Goal of the exercise
Without any of the pictures, print every record below exactly.

(Extracted records)
----

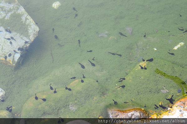 水池內有一堆蝌蚪+魚。
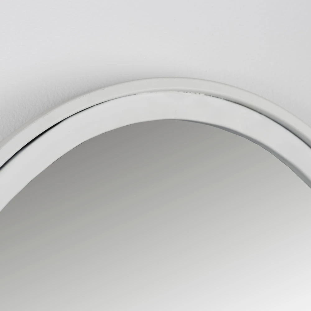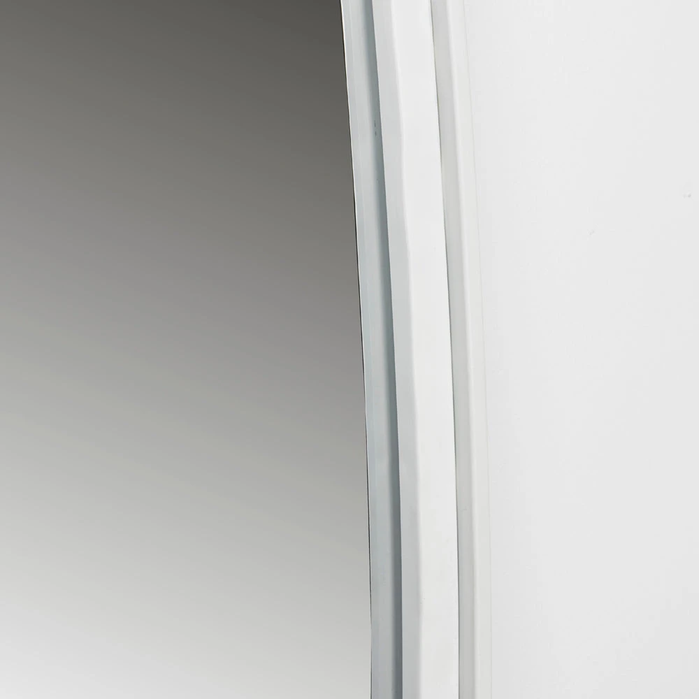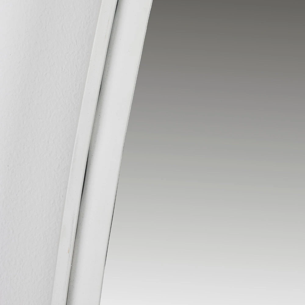 This impressive mirror is constructed from a white, powder-coated iron frame which borders the main mirror plate. The white frame will complement any decoration and style in your home and will bring a contemporary glamour to any living space.
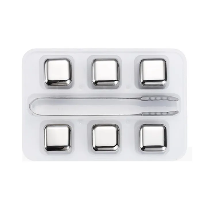 6Pcs Stainless Steel Ice-Cubes Set Reusable Chilling Stones Wine Cooling Chilling Rock Bar Tool for Whiskey Wine
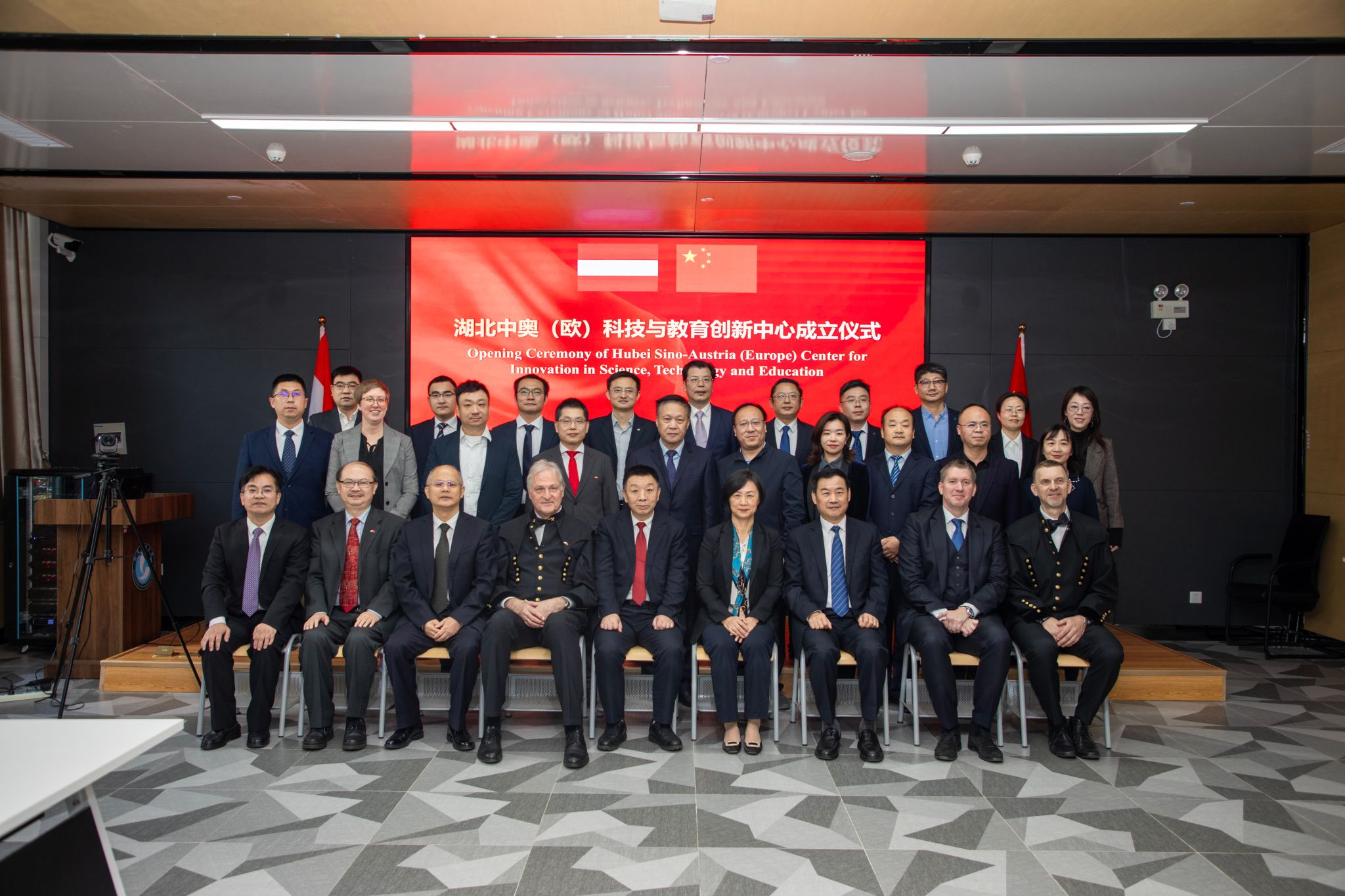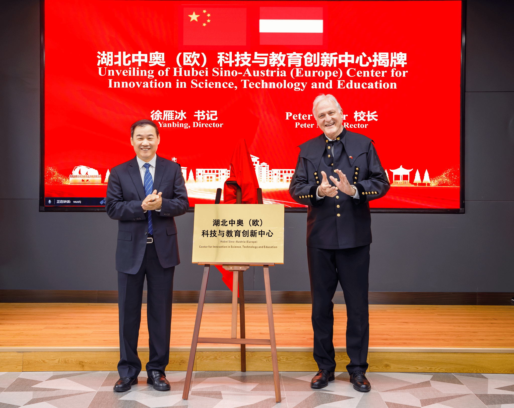 武科大网讯 11月7日上午,湖北中奥(欧)科技与教育创新中心成立仪式在我校青山校区图书馆路演厅举行。科技部国际合作司欧洲处副处长李刚、中国科学技术交流中心欧洲处处长宋娀线上参会。省教育厅副厅长周启红,省科技厅二级巡视员王东梅,奥地利莱奥本矿业大学校长Peter Moser、副校长Thomas Prohaska,K1-MET中心副总裁Gerold Huemer,校党委书记徐雁冰、校长倪红卫,中国驻奥大使馆前科技参赞雷风云等线下出席活动。成立仪式由副校长吕勇主持。
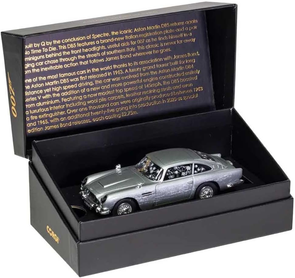 • Since the first James Bond film, Dr. No in 1962, the renowned British secret Agent 007 has owned a string of iconic cars, from the classic Aston Martin DB5 to the submersible lotus Esprit. Corgi has continued to produce a impressive selection of classic and modern James Bond cars to re-recreate those action-packed moments from the nostalgic to the present day bonds.

----

Response area
 水池內有一堆蝌蚪+魚。
 This impressive mirror is constructed from a white, powder-coated iron frame which borders the main mirror plate. The white frame will complement any decoration and style in your home and will bring a contemporary glamour to any living space.
 6Pcs Stainless Steel Ice-Cubes Set Reusable Chilling Stones Wine Cooling Chilling Rock Bar Tool for Whiskey Wine
 武科大网讯 11月7日上午,湖北中奥(欧)科技与教育创新中心成立仪式在我校青山校区图书馆路演厅举行。科技部国际合作司欧洲处副处长李刚、中国科学技术交流中心欧洲处处长宋娀线上参会。省教育厅副厅长周启红,省科技厅二级巡视员王东梅,奥地利莱奥本矿业大学校长Peter Moser、副校长Thomas Prohaska,K1-MET中心副总裁Gerold Huemer,校党委书记徐雁冰、校长倪红卫,中国驻奥大使馆前科技参赞雷风云等线下出席活动。成立仪式由副校长吕勇主持。
 • Since the first James Bond film, Dr. No in 1962, the renowned British secret Agent 007 has owned a string of iconic cars, from the classic Aston Martin DB5 to the submersible lotus Esprit. Corgi has continued to produce a impressive selection of classic and modern James Bond cars to re-recreate those action-packed moments from the nostalgic to the present day bonds.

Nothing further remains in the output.